The Cybersecurity and Infrastructure Security Agency (CISA) and the Federal Bureau of Investigation (FBI) released six new malware reports on malicious cyber activity from North Korea.
The U.S. Government refers to North Korean government sponsored malicious cyber activity as HIDDEN COBRA.
The CISA and FBI released the new Malware Analysis Reports (MARs) and updated another MAR on February 14, 2020.
“Each MAR is designed to enable network defenders to identify and reduce exposure to North Korean government malicious cyber activity,” CISA noted in the advisory.

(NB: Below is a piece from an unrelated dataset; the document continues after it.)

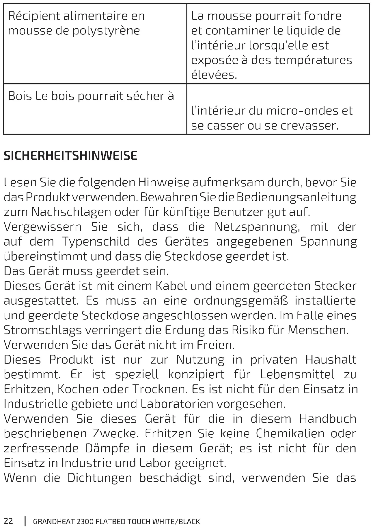 Récipient alimentaire en mousse de polystyrène La mousse pourrait fondre et contaminer le liquide de l’intérieur lorsqu'elle est exposée à des températures élevées. Bois Le bois pourrait sécher à l’intérieur du micro-ondes et se casser ou se crevasser. SICHERHEITSHINWEISE Lesen Sie die folgenden Hinweise aufmerksam durch, bevor Sie das Produkt verwenden. Bewahren Sie die Bedienungsanleitung zum Nachschlagen oder für künftige Benutzer gut auf. Vergewissern Sie sich, dass die Netzspannung, mit der auf dem Typenschild des Gerätes angegebenen Spannung übereinstimmt und dass die Steckdose geerdet ist. Das Gerät muss geerdet sein. Dieses Gerät ist mit einem Kabel und einem geerdeten Stecker ausgestattet. Es muss an eine ordnungsgemäß installierte und geerdete Steckdose angeschlossen werden. Im Falle eines Stromschlags verringert die Erdung das Risiko für Menschen. Verwenden Sie das Gerät nicht im Freien. Dieses Produkt ist nur zur Nutzung in privaten Haushalt bestimmt. Er ist speziell konzipiert für Lebensmittel zu Erhitzen, Kochen oder Trocknen. Es ist nicht für den Einsatz in Industrielle gebiete und Laboratorien vorgesehen. Verwenden Sie dieses Gerät für die in diesem Handbuch beschriebenen Zwecke. Erhitzen Sie keine Chemikalien oder zerfressende Dämpfe in diesem Gerät; es ist nicht für den Einsatz in Industrie und Labor geeignet. Wenn die Dichtungen beschädigt sind, verwenden Sie das23

See below for a brief description of each of the seven North Korean malware variants (and link to each of the CISA reports).
BISTROMATH
Description: “This report looks at multiple versions of a full-featured RAT implant executable and multiple versions of the CAgent11 GUI implant controller/builder. These samples performs simple XOR network encoding and are capable of many features including conducting system surveys, file upload/download, process and command execution, and monitoring the microphone, clipboard, and the screen. The GUI controllers allow interaction with the implant as well as the option to dynamically build new implants with customized options. The implants are loaded with a trojanized executable containing a fake bitmap which decodes into shellcode which loads the embedded implant.”
SLICKSHOES
Description: “This sample is a Themida-packed dropper that decodes and drops a file ‘C:\Windows\Web\taskenc.exe’ which is a Themida-packed beaconing implant. The beaconing implant does not execute the dropped file nor does it schedule any tasks to run the malware. The dropped beaconing implant uses an indigenous network encoding algorithm and is capable of many features including conducting system surveys, file upload/download, process and command execution, and screen captures.”
CROWDEDFLOUNDER
Description: “This report analyzes a Themida packed 32-bit Windows executable, which is designed to unpack and execute a Remote Access Trojan (RAT) binary in memory. This application is designed to accept arguments during execution or can be installed as a service with command line arguments. It is designed to listen as a proxy for incoming connections containing commands or can connect to a remote server to receive commands.”
HOTCROISSANT
Description: “This report looks at a full-featured beaconing implant. This sample performs a custom XOR network encoding and is capable of many features including conducting system surveys, file upload/download, process and command execution, and performing screen captures.”
ARTFULPIE
Description: “This report looks at an implant that performs downloading and in-memory loading and execution of a DLL from a hardcoded url.”
BUFFETLINE
Description: “This report looks at a full-featured beaconing implant. This sample uses PolarSSL for session authentication, but then utilizes a FakeTLS scheme for network encoding using a modified RC4 algorithm. It has the capability to download, upload, delete, and execute files; enable Windows CLI access; create and terminate processes; and perform target system enumeration.”
HOPLIGHT (updated)
Description: “This report provides analysis of twenty malicious executable files. Sixteen of these files are proxy applications that mask traffic between the malware and the remote operators. The proxies have the ability to generate fake TLS handshake sessions using valid public SSL certificates, disguising network connections with remote malicious actors. One file contains a public SSL certificate and the payload of the file appears to be encoded with a password or key. The remaining file does not contain any of the public SSL certificates, but attempts outbound connections and drops four files. The dropped files primarily contain IP addresses and SSL certificates.”
Each of the above reports include Indicators of compromise (IoC), sample trojan details and suggested mitigations to prevent malware incidents.